▶ [EXERCISE INSTRUCTIONS]: Every line of the data below should be repeated exactly, and no picture should be copied.

▶ [RAW DATA]:
--- START ---

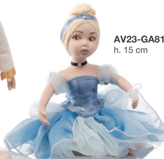
AV23-GA811 h. 15 cm
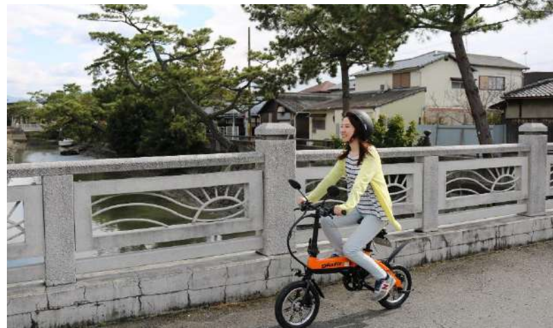
次世代バイクglafitレンタル体験
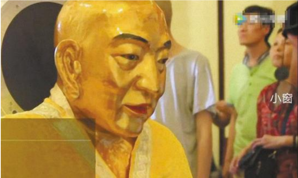
“千年高僧”被重复塑的金身。
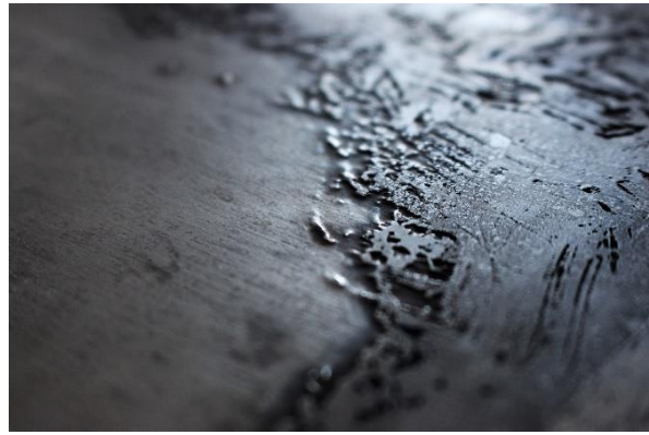
Slika 7 Apsorpcije IV i V Detalj izjetkane matrice

--- END ---

▶ [RESPONSE TO THE TASK]:
AV23-GA811 h. 15 cm
次世代バイクglafitレンタル体験
“千年高僧”被重复塑的金身。
Slika 7 Apsorpcije IV i V Detalj izjetkane matrice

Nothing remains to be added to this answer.